START Records supplied

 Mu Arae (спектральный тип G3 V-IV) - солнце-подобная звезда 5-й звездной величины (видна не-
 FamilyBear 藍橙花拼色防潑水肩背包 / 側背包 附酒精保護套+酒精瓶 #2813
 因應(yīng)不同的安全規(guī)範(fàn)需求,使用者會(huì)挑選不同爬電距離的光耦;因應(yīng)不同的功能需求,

END Records supplied
START Records supplied

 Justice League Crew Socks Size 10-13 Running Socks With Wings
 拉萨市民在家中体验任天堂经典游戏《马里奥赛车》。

END Records supplied

-- About this task --
Output, from the data above, the lines from the line with "Justice League Crew" to the line with "拉萨市民在家中体验任天堂经典游戏《马里奥赛车》。" exactly as they stand, both ends included and nothing else.

-- Exercise result --
 Justice League Crew Socks Size 10-13 Running Socks With Wings
 拉萨市民在家中体验任天堂经典游戏《马里奥赛车》。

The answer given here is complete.